In c4 is a pre-instruction ("pre-test") measure
of knowledge of number systems.
smsg.lis Used in Part I review. Descriptive and
inferential two-group comparisons for the outcome
measure (c2) in smsg.dat.
drptwot.dat Two group comparison example.
Story from textbook (MM p542).EXAMPLE 8.8
"An educator believes that new directed reading activities
in the classroom will help elementary school pupils
improve some aspects of their reading ability. She
arranges for a third-grade class of 21 students to follow
these activities for an 8-week period. A control classroom
of 23 third graders follows the same curriculum without
the activities. At the end of the 8 weeks are given a
Degree of Reading Power (DRP) test, which measures the
aspects of reading ability that the treatment is designed to
improve. data are in unstacked form with treatment in C1 and
control in C2.
drptwot.lis Two sample Analysis of Paired pre-test post-test data
example using Minitab.
alphatot.tab Tabulation of total error rate
probabilities for c inferences each done at level
alph: tot = 1 - (1 - alph)^c is solved for
alph. Mathematica script appended.
harr.dat Data obtained from the
Hopkins&Glass textbook. Their description is
"Harrington (1968) experimented with the order
of 'mental organizers' that structure the
material for the learner. A group of 30 persons
were randomly split into three groups of 10 each.
Group I received organizing material before
studying instructional material on mathematics;
Group II received the 'organizer' after studying
the mathematics; Group III received the math
materials but no organizing materials. Scores
are from a 10-item mathematics test on the
instructional content.
The data are in "unstacked" form in c1-c3.

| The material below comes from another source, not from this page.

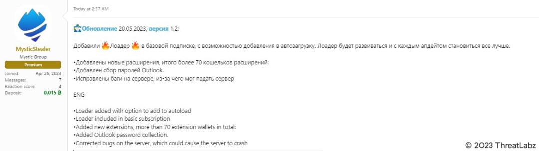 Figure 1. MysticStealer forum post advertising v1.2 update with loader support

harr.lis One-way anova (MINITAB) on harr.dat.
harr1v.out BMDP1V output for harr.dat using
orthogonal contrasts.
hartukey.lis Minitab implementation of Tukey post-hoc
comparison procedures with the harr.dat data.
ibs.dat Used in Part I.A.1.
These are waiting-time data under
three different protocols. Data are in stacked
form. The actual data are from Ott's text and
are described as follows:
"Irritable bowel syndrome (IBS) is a non-
specific intestinal disorder characterized by
abdominal pain and irregular bowel habits. Each
person in a random sample of 24 patients having
periodic attacks of IBS was randomly assigned to
one of three treatment groups. The number of
hours of relief while on therapy is recorded
for each patient." Outcome in c1, group
indicator in c2.
ibsbmd7d.log Part I.A.1. BMDP7D output for ibs.dat. Implements
Levene's test. Implements two versions of
one-way anova (Welch, Brown-Forsythe) that do
not assume equal within-group variances.
ibslev.lis Part I.A.1. Gives description of ibs.dat;
implements in Minitab two forms of Levene's
test for equal within-group variances.
ibstrans.log Part I.A.1. Carries out (in MINITAB) natural log
transformation of ibs.dat outcome to stabilize
variance. Compares anova on raw and transformed
data.
clergy.lis Part I.A.4. Illustration of Kruskal-Wallis test
(in MINITAB), non-parametric alternative to
one-way anova. Comparison with standard anova
on ranked data.
Data taken from Ott text: "Three random samples
of clergyman were drawn: one containing 10
Methodist ministers, the second containing 10
Catholic priests, the third containing 10
Pentecostal ministers. Each of the clergyman
was examined with a test to measure
his knowledge about causes of mental illness.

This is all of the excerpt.